◆ EXTRACTED RECORDS

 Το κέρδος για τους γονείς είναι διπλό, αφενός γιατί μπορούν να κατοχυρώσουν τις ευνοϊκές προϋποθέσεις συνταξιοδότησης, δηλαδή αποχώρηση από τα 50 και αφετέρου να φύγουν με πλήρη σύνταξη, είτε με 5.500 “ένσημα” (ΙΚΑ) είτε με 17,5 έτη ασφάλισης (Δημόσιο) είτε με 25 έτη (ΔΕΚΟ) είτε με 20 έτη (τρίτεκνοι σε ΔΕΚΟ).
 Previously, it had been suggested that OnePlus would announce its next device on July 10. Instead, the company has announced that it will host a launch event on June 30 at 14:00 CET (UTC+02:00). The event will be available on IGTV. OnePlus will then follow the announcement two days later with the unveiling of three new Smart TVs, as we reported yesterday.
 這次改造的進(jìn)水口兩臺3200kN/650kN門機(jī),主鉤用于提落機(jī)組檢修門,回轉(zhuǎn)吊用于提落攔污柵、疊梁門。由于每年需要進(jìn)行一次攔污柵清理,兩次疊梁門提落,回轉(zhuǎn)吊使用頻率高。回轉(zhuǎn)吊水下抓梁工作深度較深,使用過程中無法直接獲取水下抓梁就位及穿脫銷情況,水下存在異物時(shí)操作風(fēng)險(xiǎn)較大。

---

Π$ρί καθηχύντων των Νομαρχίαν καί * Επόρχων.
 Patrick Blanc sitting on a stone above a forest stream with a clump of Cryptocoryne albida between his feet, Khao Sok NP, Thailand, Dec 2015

◆ ACTION ITEM
Everything above from the line containing "Π$ρί καθηχύντων των Νομαρχίαν καί * Επόρχων." down to the line containing "Patrick Blanc sitting" is to be transcribed exactly, with both of those lines included and nothing else added.

◆ EXERCISE RESPONSE
Π$ρί καθηχύντων των Νομαρχίαν καί * Επόρχων.
 Patrick Blanc sitting on a stone above a forest stream with a clump of Cryptocoryne albida between his feet, Khao Sok NP, Thailand, Dec 2015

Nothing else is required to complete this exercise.